Oh gosh, all the cute puppy pics lately....they are really going to do me in. There's an adorable chocolate boy in So. Cal that I am totally in love with.

Susan


----------



## Julie (Feb 8, 2007)

Jan,
Your puppies are just adorable!I love them both--but Mykee won me over!I think that little pup has it's tongue out and he is ready for play!Plus--you can't go wrong with a guy with :eyebrows: eyebrows and a "stache"!:whoo::clap2:


----------



## ama0722 (Nov 28, 2006)

Mykee has the sweetest grin on his face! They have grown up so much!

Amanda


----------



## Paige (Sep 12, 2006)

Julie said:


> Jan,
> Your puppies are just adorable!I love them both--but Mykee won me over!I think that little pup has it's tongue out and he is ready for play!Plus--you can't go wrong with a guy with :eyebrows: eyebrows and a "stache"!:whoo::clap2:


I agree Julie, Be glad you don't live in Kentucky, Jan or Mykee might come up missing... I would just hide him amongst my other boys...I would make sure he had so much fun that he wouldn't ever want to leave.


----------



## Lina (Apr 26, 2007)

I love both the puppy pics but I agree with Mykee just stealing my heart away! What a cutie! I love his smile and his :eyebrows:!


----------



## MaddiesMom (Apr 1, 2007)

Such adorable pups! I absolutely *love* MyKee's tongue hanging out. He looks like such a confident little guy.


----------



## Amy R. (Jul 1, 2007)

Adorable photos. Are they both spoken for Jan? I love Peter. Love his coloring. But just fantasizing, my DH won't have more than one dog.


----------



## JASHavanese (Apr 24, 2007)

lbkar said:


> O.K. I know Peter has been my favorite from the beginning but that picture of MyKee just takes my breath away... Wow Jan they are soooo adorable.
> Are you keeping both boys or does MyKee have a fovever family he will be going to?

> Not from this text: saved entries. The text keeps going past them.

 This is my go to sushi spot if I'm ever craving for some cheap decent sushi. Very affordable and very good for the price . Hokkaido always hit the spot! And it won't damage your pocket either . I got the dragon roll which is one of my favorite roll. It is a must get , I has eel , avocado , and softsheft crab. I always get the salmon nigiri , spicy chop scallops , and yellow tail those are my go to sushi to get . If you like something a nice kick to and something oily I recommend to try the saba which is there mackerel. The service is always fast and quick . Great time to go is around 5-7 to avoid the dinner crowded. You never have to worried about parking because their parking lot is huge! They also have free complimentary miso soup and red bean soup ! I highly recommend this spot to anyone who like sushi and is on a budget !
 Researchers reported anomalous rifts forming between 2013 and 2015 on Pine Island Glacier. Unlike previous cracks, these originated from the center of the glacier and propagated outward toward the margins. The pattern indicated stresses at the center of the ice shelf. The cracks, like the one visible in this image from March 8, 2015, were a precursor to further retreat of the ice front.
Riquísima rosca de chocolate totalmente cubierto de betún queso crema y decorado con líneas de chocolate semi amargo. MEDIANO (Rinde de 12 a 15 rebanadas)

Peter is staying here so keep your fingers crossed that he turns out well for us please 
Poor MyKee has been spoken for several times and each time something happens to stop it. It's just plain WEIRD!


----------



## JASHavanese (Apr 24, 2007)

MaddiesMom said:


> Such adorable pups! I absolutely *love* MyKee's tongue hanging out. He looks like such a confident little guy.


You're good at reading dogs! He has confidence plus. If I don't give him what he thinks is enough attention, he gives me this LOOK that says to get on the floor and play. Excuuuuuuuuuse me LOL


----------



## JASHavanese (Apr 24, 2007)

Thanks for the nice notes. They really are sweethearts.


----------



## Leslie (Feb 28, 2007)

JASHavanese said:


> Thanks for the nice notes. They really are sweethearts.

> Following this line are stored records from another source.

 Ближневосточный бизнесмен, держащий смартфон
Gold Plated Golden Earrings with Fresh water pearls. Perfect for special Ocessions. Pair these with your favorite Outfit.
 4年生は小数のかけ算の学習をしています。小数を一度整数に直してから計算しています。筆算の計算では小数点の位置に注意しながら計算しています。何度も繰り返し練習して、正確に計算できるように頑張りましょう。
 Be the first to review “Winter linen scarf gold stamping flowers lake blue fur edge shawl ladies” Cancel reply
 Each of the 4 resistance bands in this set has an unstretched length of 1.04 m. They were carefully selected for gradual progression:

So is their sister! :biggrin1:


----------



## JASHavanese (Apr 24, 2007)

havashadow said:


> So is their sister! :biggrin1:


I miss her! When do you need a babysitter? <G>


----------



## Laurief (Nov 7, 2006)

Jan, "someone" is trying to tell you "something" Maybe Mykee is just meant to be with you?? If not, I can always provide a good home for him - so ship him over!!! He looks like my Logan!!! 
Laurie


----------



## Missy (Nov 6, 2006)

Jan, I am in Love with both of them. But I have to say that Mykee has such a sweet smile... I agree that, the keeper of the stars may have plans for you and Mykee to be together. Or someone is just watching over to make sure he gets the "right" home. Kara? he sure would look cute with Gucci....


----------



## Thumper (Feb 18, 2007)

Missy said:


> Jan, I am in Love with both of them. But I have to say that Mykee has such a sweet smile... I agree that, the keeper of the stars may have plans for you and Mykee to be together. Or someone is just watching over to make sure he gets the "right" home. Kara? he sure would look cute with Gucci....

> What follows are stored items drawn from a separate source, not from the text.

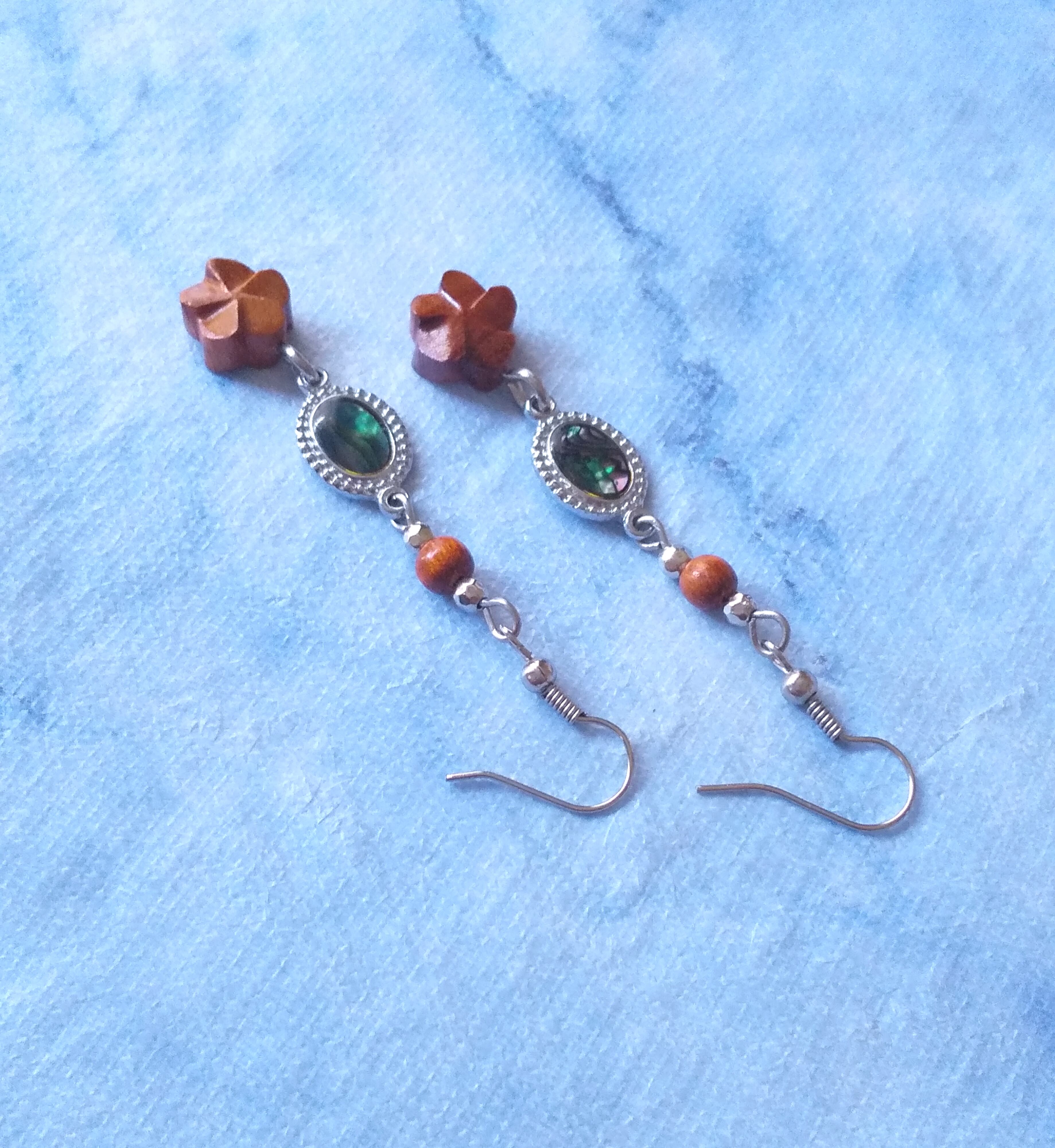 ハワイアンピアス ハワイウッドプルメリア& バウアグリーンシェル A-162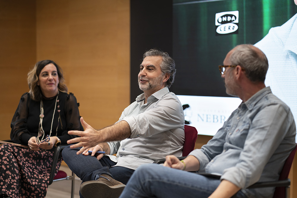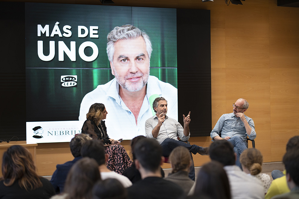 De lo que se puede decir de este encuentro con uno de los periodistas radiofónicos de referencia en nuestro país… que el acto se celebra en las instalaciones de Atresmedia y que, entre otros asuntos, el debate transita por la ficción sonora, el humor en las ondas, el futuro de la radio y la relación entre esta y la televisión. Los profesores de la Universidad Nebrija Eduardo Castillo y Laura M. Otón moderan y conceden el turno.
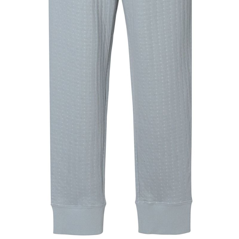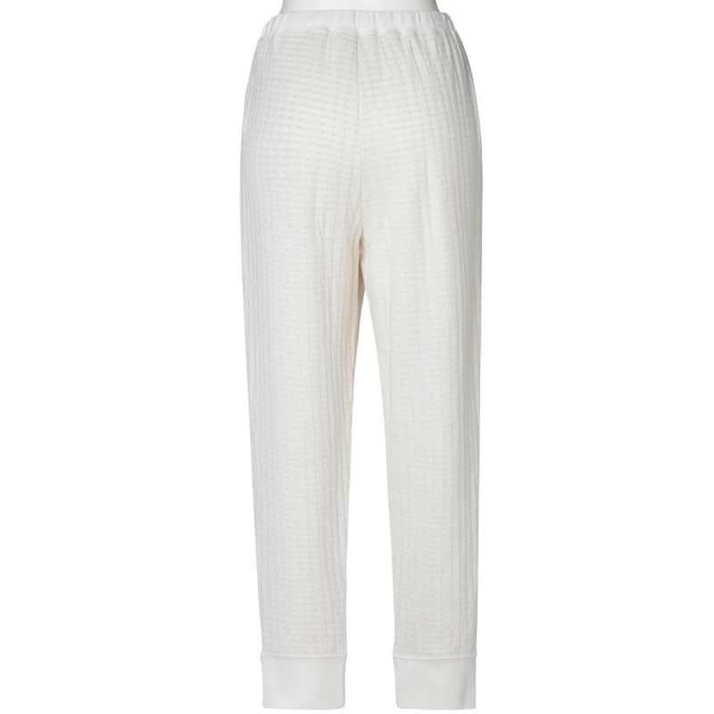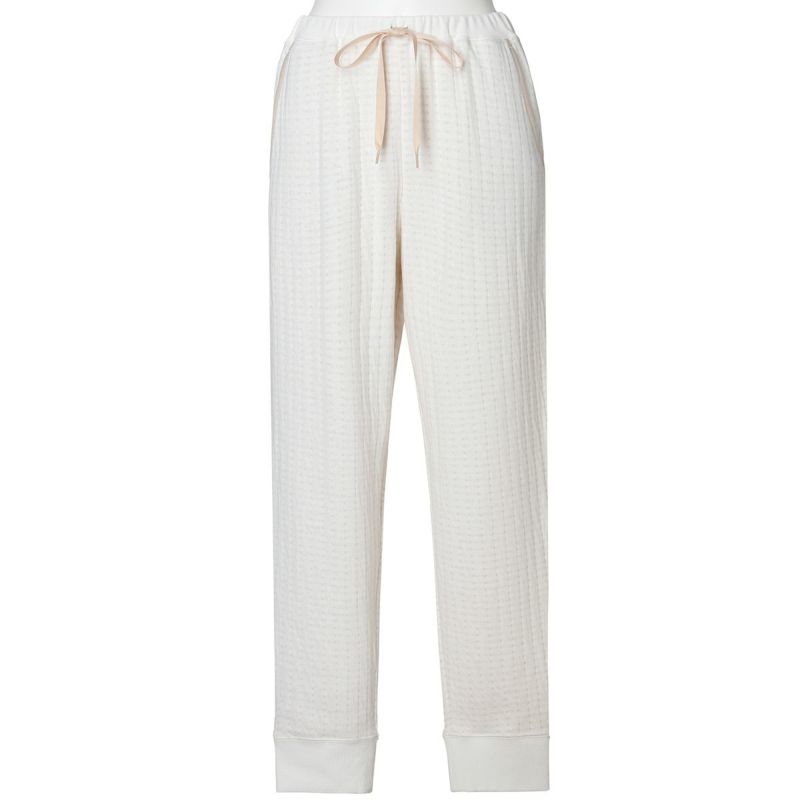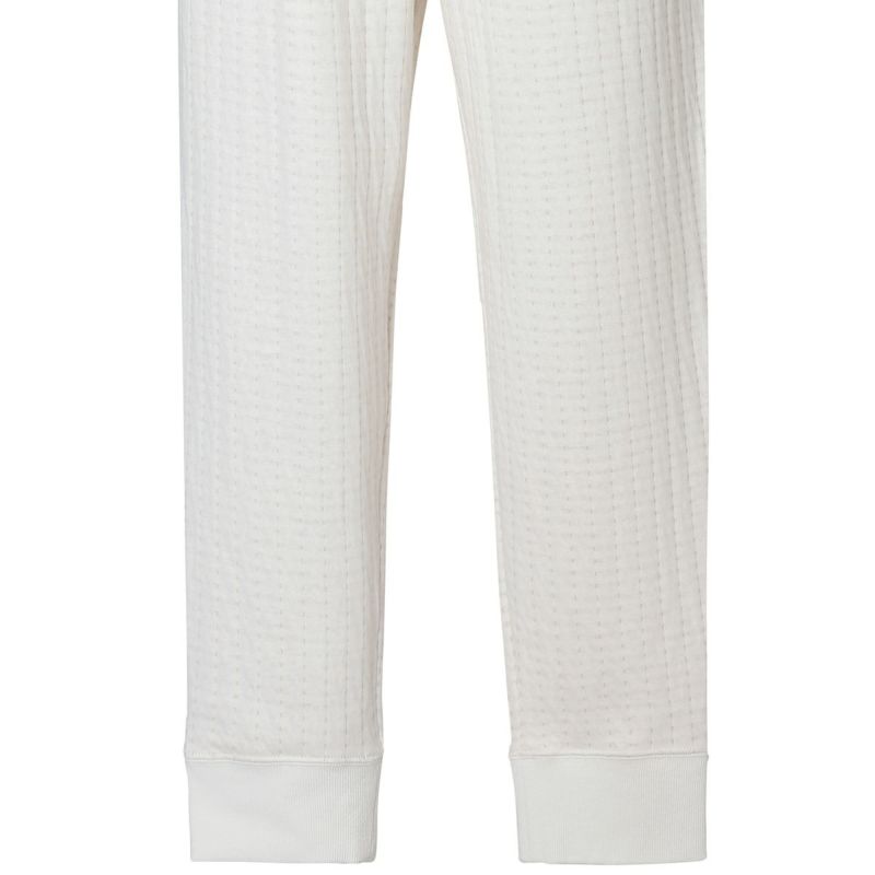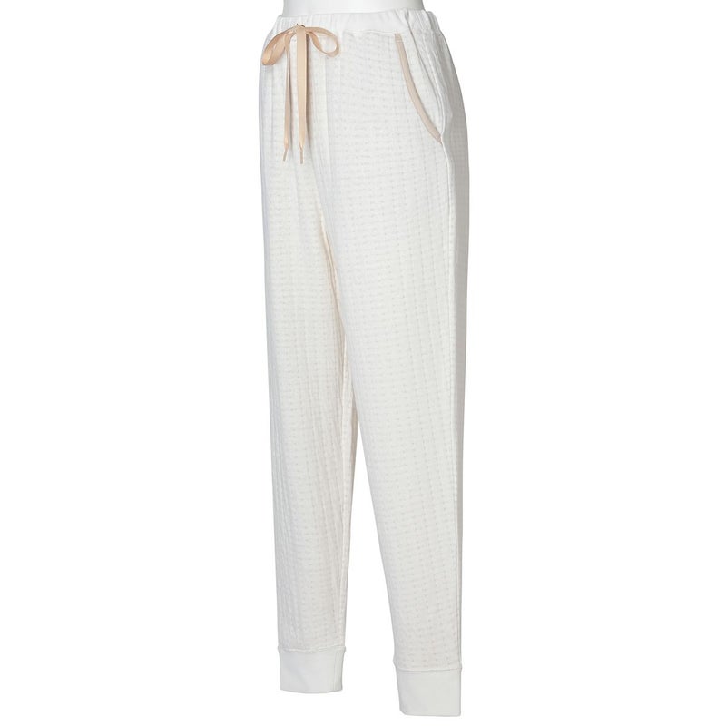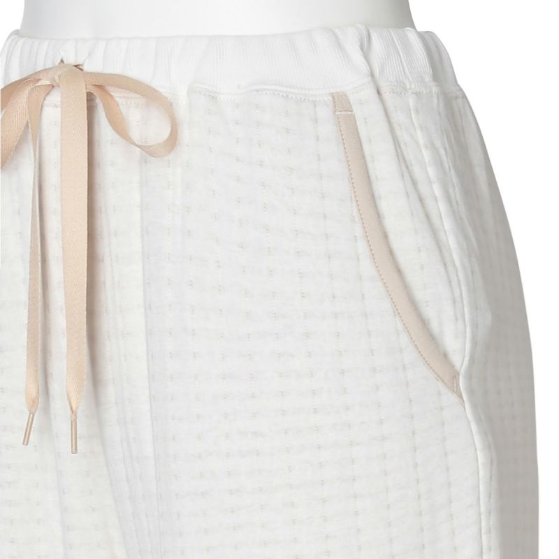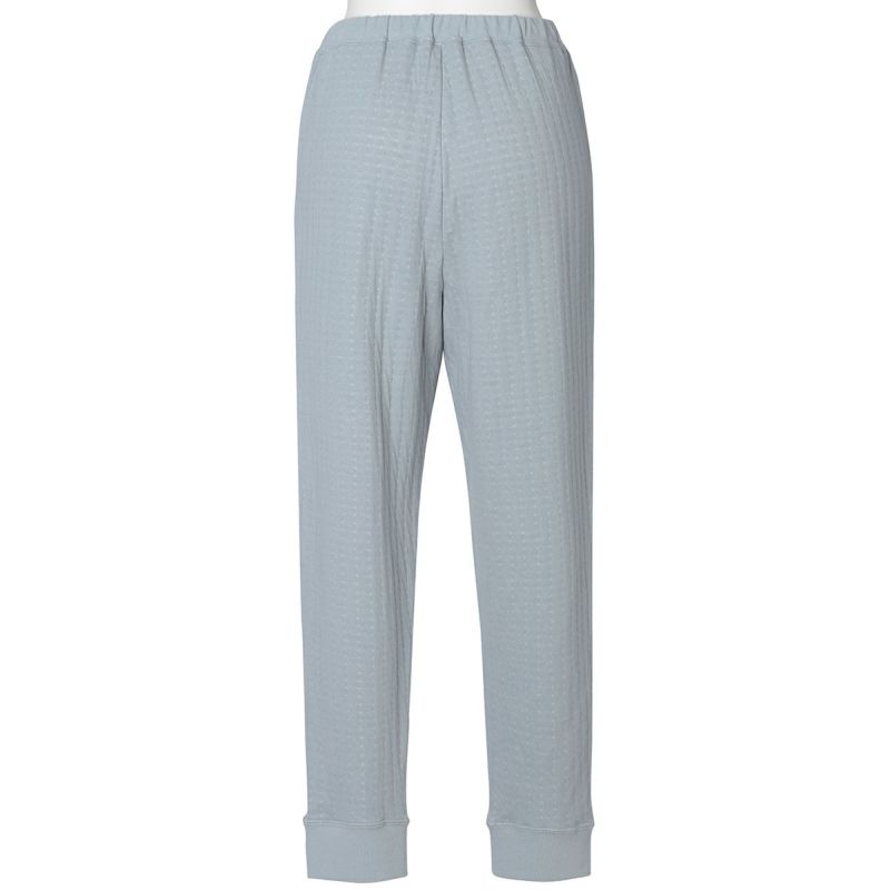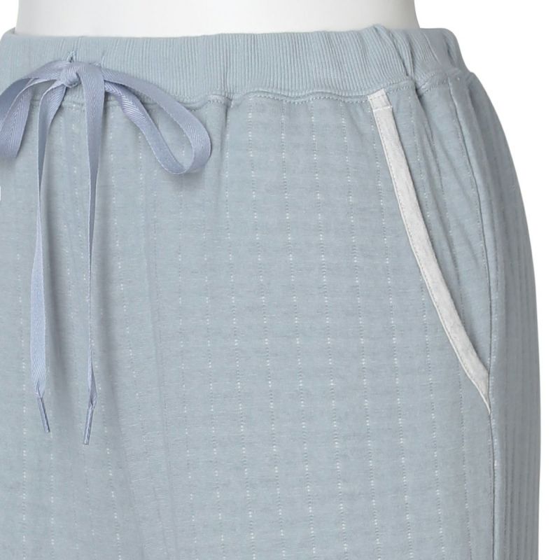 裾をリブに切り替え絞ったすっきりとしたシルエットのフルレングスボトム。足首にほどよくフィットし動いた時もずれあがりにくく安心です。また冷たい空気が入りにくくあたたかさをキープ。両サイドポケット付きでパイピングがアクセントに。

LOL! I'd LOOOVEE to take him. However, my husband doesn't want any boy dogs  He really prefers girls...and I would definately LOVE to have a boy, but I like to avoid another divorce! ound: I'd have to work on him a bit. It doesnt' help that some friends of our in the Hav playgroup here have complained to Rich (my hubby) several times...all about their problems with their 2 boy dogs marking all over their new house (after neuter!)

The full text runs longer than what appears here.